◆ **What needs to be done**
From top to bottom, return the listing exactly as it appears, omitting its images.

[Opening Dataset extract section]

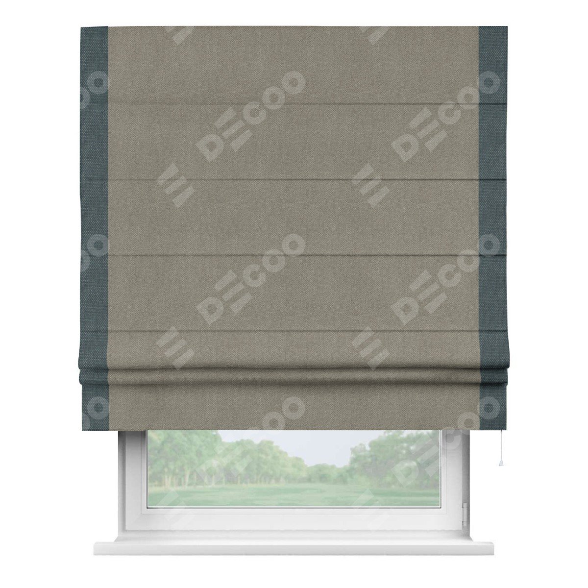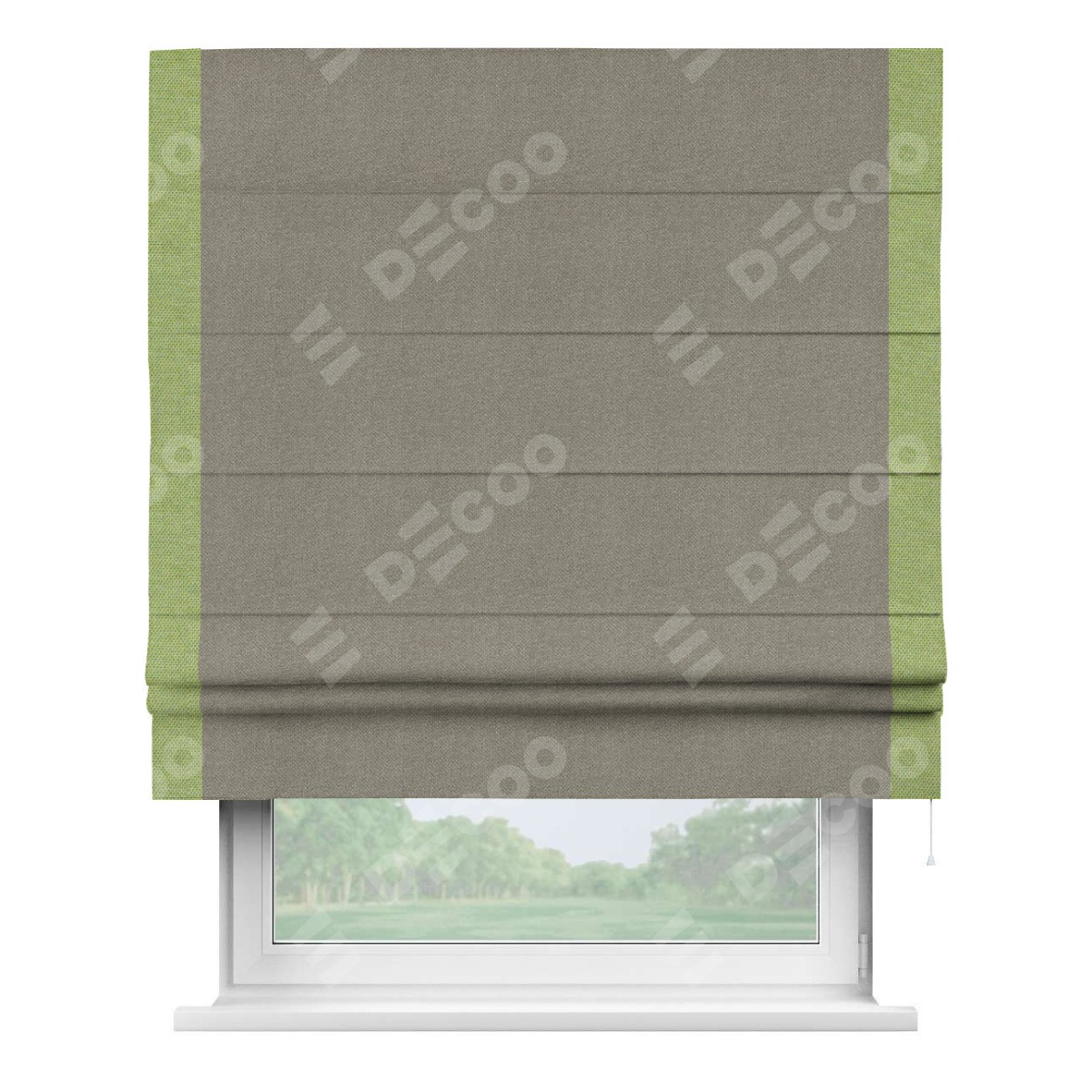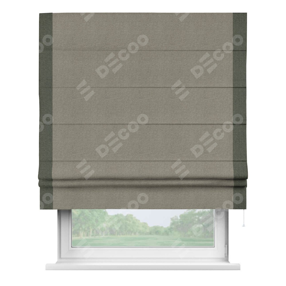 Римская штора производителя «Cortin», используется для проёма, пошита из ткани лён димаут cеро-зелёный, артикул 00003. Отделка шторы кантом «Стрим Дуо», ткань для канта используется из льна димаут разной расцветки на выбор. Имеет универсальный механизм и подходит для монтажа: на потолок, на стену и в нишу.
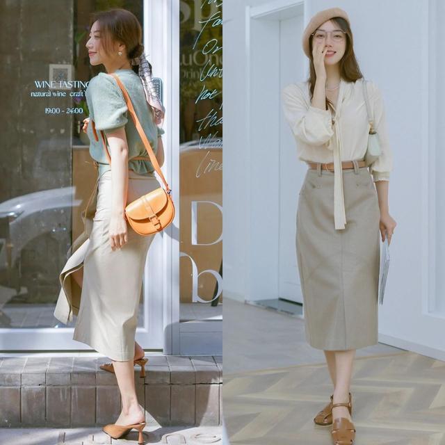 如图这一套极简耐看的风格,米色飘带衬衫,袖口的收口设计可以很好的修饰手臂短板,卡其色直筒半裙则可以最大限度的包容女性身材轮廓,随意戴上一顶百搭色的贝雷帽和温柔的长发,整体显得优雅又不失俏皮感,少女感十足。
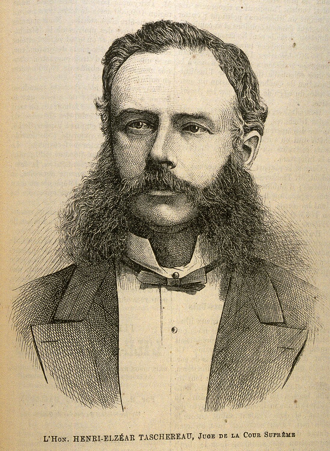 TASCHEREAU, sir HENRI-ELZÉAR (baptisé Elzéar-Henri), avocat, homme politique, juge et professeur, né le 7 octobre 1836 à Sainte-Marie-de-la-Nouvelle-Beauce (Sainte-Marie, Québec), fils aîné de Pierre-Elzéar Taschereau et d’Hémédine Dionne ; petit-fils de Thomas-Pierre-Joseph Taschereau* ; le 27 mai 1857, il épousa à Vaudreuil, Bas-Canada, Marie-Antoinette Harwood, fille de Robert Unwin Harwood*, et ils eurent sept enfants, puis le 22 mars 1897, à Ottawa, Marie-Louise Panet, et de ce second mariage naquirent trois enfants ; décédé dans cette ville le 14 avril 1911.

[Closing Dataset extract section]

◆ **Task solution**
 Римская штора производителя «Cortin», используется для проёма, пошита из ткани лён димаут cеро-зелёный, артикул 00003. Отделка шторы кантом «Стрим Дуо», ткань для канта используется из льна димаут разной расцветки на выбор. Имеет универсальный механизм и подходит для монтажа: на потолок, на стену и в нишу.
 如图这一套极简耐看的风格,米色飘带衬衫,袖口的收口设计可以很好的修饰手臂短板,卡其色直筒半裙则可以最大限度的包容女性身材轮廓,随意戴上一顶百搭色的贝雷帽和温柔的长发,整体显得优雅又不失俏皮感,少女感十足。
 TASCHEREAU, sir HENRI-ELZÉAR (baptisé Elzéar-Henri), avocat, homme politique, juge et professeur, né le 7 octobre 1836 à Sainte-Marie-de-la-Nouvelle-Beauce (Sainte-Marie, Québec), fils aîné de Pierre-Elzéar Taschereau et d’Hémédine Dionne ; petit-fils de Thomas-Pierre-Joseph Taschereau* ; le 27 mai 1857, il épousa à Vaudreuil, Bas-Canada, Marie-Antoinette Harwood, fille de Robert Unwin Harwood*, et ils eurent sept enfants, puis le 22 mars 1897, à Ottawa, Marie-Louise Panet, et de ce second mariage naquirent trois enfants ; décédé dans cette ville le 14 avril 1911.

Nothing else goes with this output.